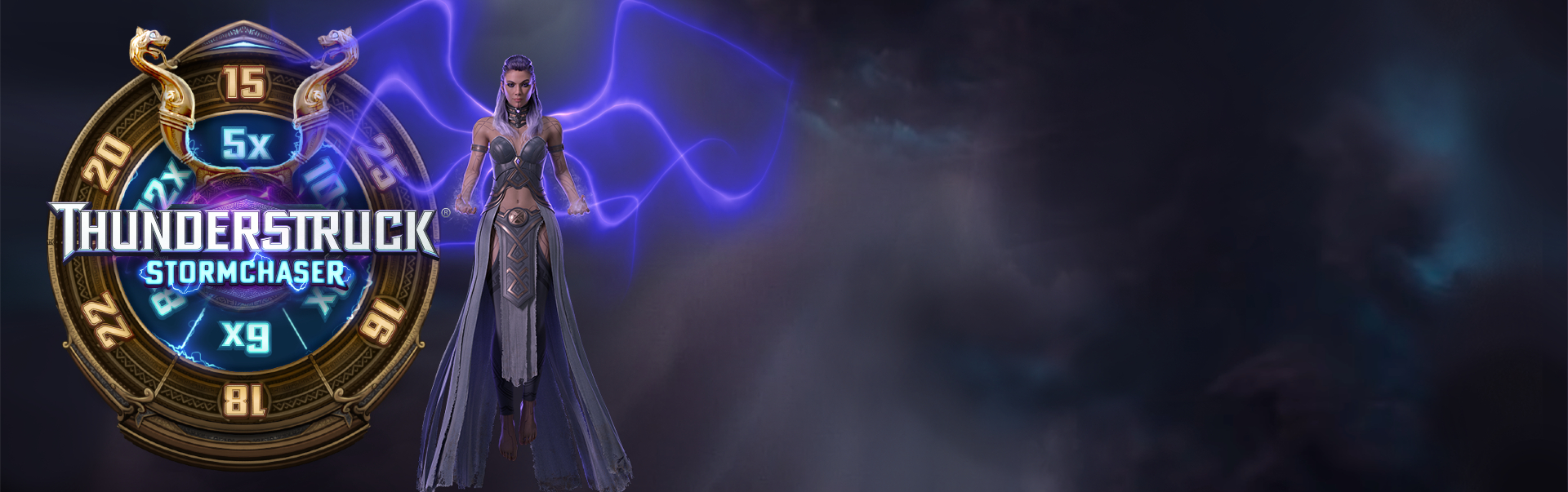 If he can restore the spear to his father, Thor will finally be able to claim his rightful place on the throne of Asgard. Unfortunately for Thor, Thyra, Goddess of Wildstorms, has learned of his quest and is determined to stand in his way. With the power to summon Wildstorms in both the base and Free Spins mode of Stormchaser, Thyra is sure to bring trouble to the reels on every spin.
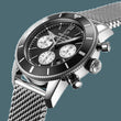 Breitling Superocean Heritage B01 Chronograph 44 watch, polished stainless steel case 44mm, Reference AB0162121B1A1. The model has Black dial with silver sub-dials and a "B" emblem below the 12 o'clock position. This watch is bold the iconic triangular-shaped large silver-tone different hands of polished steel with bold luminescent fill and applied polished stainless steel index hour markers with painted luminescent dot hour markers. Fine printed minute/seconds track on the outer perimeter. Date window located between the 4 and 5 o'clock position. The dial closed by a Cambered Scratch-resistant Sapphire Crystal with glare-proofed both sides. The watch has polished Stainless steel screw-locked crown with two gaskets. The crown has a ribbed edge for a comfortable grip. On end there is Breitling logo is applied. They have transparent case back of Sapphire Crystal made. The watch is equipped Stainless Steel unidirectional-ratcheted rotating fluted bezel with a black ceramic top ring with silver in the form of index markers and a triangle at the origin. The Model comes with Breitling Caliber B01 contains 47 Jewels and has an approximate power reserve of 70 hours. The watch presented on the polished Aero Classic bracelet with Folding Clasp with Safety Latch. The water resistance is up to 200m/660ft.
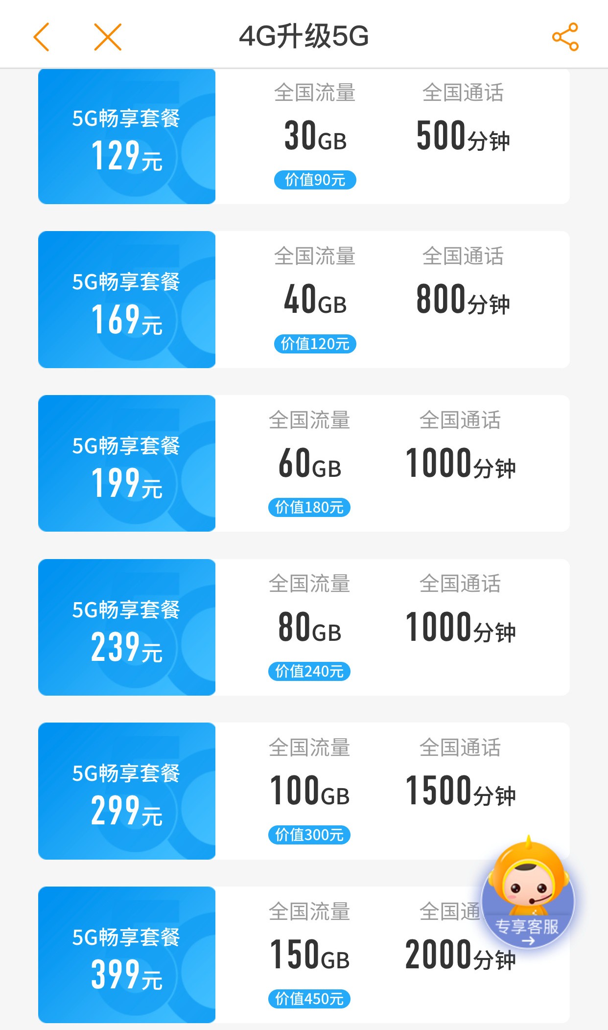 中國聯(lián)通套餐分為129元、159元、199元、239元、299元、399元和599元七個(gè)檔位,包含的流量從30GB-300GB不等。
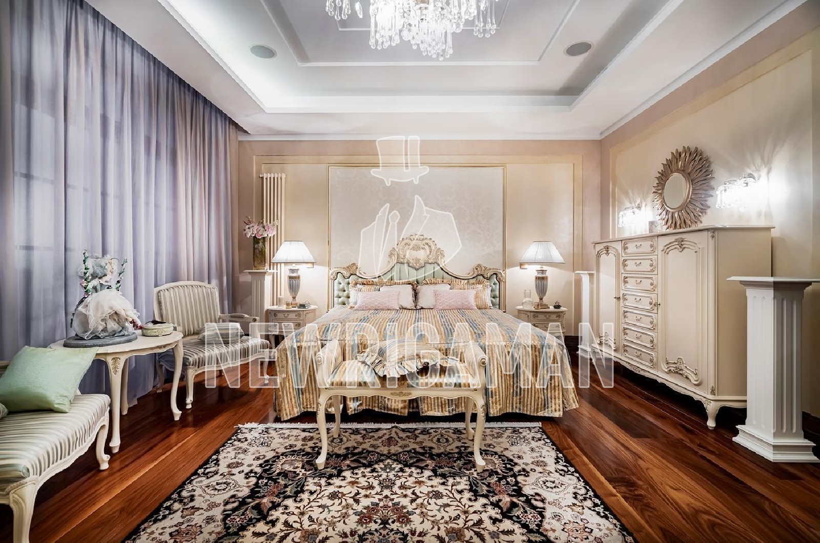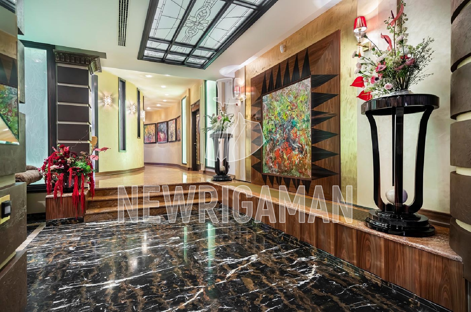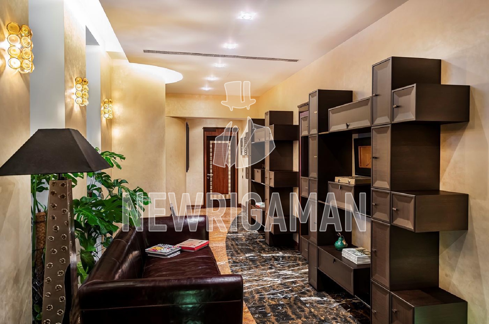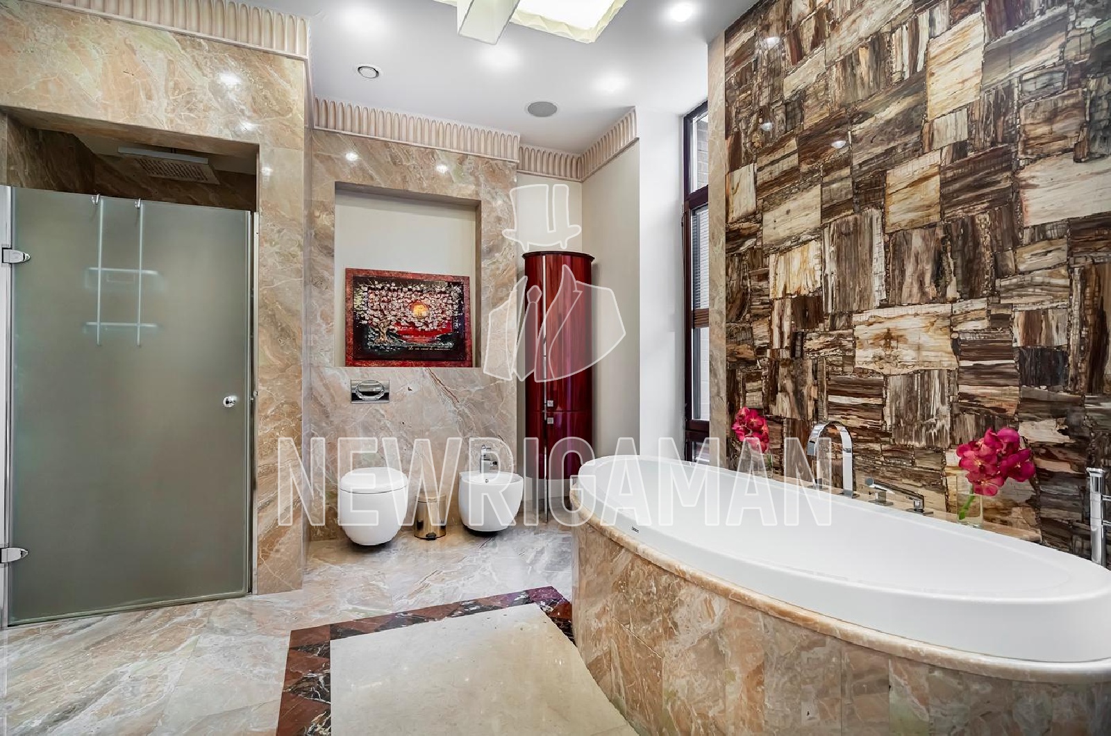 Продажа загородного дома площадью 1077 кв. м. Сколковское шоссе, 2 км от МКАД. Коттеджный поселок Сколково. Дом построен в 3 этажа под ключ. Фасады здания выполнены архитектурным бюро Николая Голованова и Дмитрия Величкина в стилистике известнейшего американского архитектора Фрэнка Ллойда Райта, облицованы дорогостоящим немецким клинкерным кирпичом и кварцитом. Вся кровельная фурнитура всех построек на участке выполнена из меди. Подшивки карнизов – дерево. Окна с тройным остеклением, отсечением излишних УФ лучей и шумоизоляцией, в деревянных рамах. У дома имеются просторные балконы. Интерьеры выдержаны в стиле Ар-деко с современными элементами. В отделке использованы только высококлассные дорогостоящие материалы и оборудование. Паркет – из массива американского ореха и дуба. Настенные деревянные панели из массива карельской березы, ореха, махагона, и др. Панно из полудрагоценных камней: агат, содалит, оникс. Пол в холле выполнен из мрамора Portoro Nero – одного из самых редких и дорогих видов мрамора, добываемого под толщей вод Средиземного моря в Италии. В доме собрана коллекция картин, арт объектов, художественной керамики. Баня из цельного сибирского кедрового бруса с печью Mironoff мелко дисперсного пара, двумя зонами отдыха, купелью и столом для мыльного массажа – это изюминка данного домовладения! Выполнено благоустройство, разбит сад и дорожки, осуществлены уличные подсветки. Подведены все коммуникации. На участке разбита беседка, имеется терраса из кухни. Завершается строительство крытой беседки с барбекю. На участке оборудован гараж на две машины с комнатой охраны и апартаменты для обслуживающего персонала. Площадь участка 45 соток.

+--

From the first line to the last, return the material above exactly, apart from the pictures.

Output below:
 If he can restore the spear to his father, Thor will finally be able to claim his rightful place on the throne of Asgard. Unfortunately for Thor, Thyra, Goddess of Wildstorms, has learned of his quest and is determined to stand in his way. With the power to summon Wildstorms in both the base and Free Spins mode of Stormchaser, Thyra is sure to bring trouble to the reels on every spin.
 Breitling Superocean Heritage B01 Chronograph 44 watch, polished stainless steel case 44mm, Reference AB0162121B1A1. The model has Black dial with silver sub-dials and a "B" emblem below the 12 o'clock position. This watch is bold the iconic triangular-shaped large silver-tone different hands of polished steel with bold luminescent fill and applied polished stainless steel index hour markers with painted luminescent dot hour markers. Fine printed minute/seconds track on the outer perimeter. Date window located between the 4 and 5 o'clock position. The dial closed by a Cambered Scratch-resistant Sapphire Crystal with glare-proofed both sides. The watch has polished Stainless steel screw-locked crown with two gaskets. The crown has a ribbed edge for a comfortable grip. On end there is Breitling logo is applied. They have transparent case back of Sapphire Crystal made. The watch is equipped Stainless Steel unidirectional-ratcheted rotating fluted bezel with a black ceramic top ring with silver in the form of index markers and a triangle at the origin. The Model comes with Breitling Caliber B01 contains 47 Jewels and has an approximate power reserve of 70 hours. The watch presented on the polished Aero Classic bracelet with Folding Clasp with Safety Latch. The water resistance is up to 200m/660ft.
 中國聯(lián)通套餐分為129元、159元、199元、239元、299元、399元和599元七個(gè)檔位,包含的流量從30GB-300GB不等。
 Продажа загородного дома площадью 1077 кв. м. Сколковское шоссе, 2 км от МКАД. Коттеджный поселок Сколково. Дом построен в 3 этажа под ключ. Фасады здания выполнены архитектурным бюро Николая Голованова и Дмитрия Величкина в стилистике известнейшего американского архитектора Фрэнка Ллойда Райта, облицованы дорогостоящим немецким клинкерным кирпичом и кварцитом. Вся кровельная фурнитура всех построек на участке выполнена из меди. Подшивки карнизов – дерево. Окна с тройным остеклением, отсечением излишних УФ лучей и шумоизоляцией, в деревянных рамах. У дома имеются просторные балконы. Интерьеры выдержаны в стиле Ар-деко с современными элементами. В отделке использованы только высококлассные дорогостоящие материалы и оборудование. Паркет – из массива американского ореха и дуба. Настенные деревянные панели из массива карельской березы, ореха, махагона, и др. Панно из полудрагоценных камней: агат, содалит, оникс. Пол в холле выполнен из мрамора Portoro Nero – одного из самых редких и дорогих видов мрамора, добываемого под толщей вод Средиземного моря в Италии. В доме собрана коллекция картин, арт объектов, художественной керамики. Баня из цельного сибирского кедрового бруса с печью Mironoff мелко дисперсного пара, двумя зонами отдыха, купелью и столом для мыльного массажа – это изюминка данного домовладения! Выполнено благоустройство, разбит сад и дорожки, осуществлены уличные подсветки. Подведены все коммуникации. На участке разбита беседка, имеется терраса из кухни. Завершается строительство крытой беседки с барбекю. На участке оборудован гараж на две машины с комнатой охраны и апартаменты для обслуживающего персонала. Площадь участка 45 соток.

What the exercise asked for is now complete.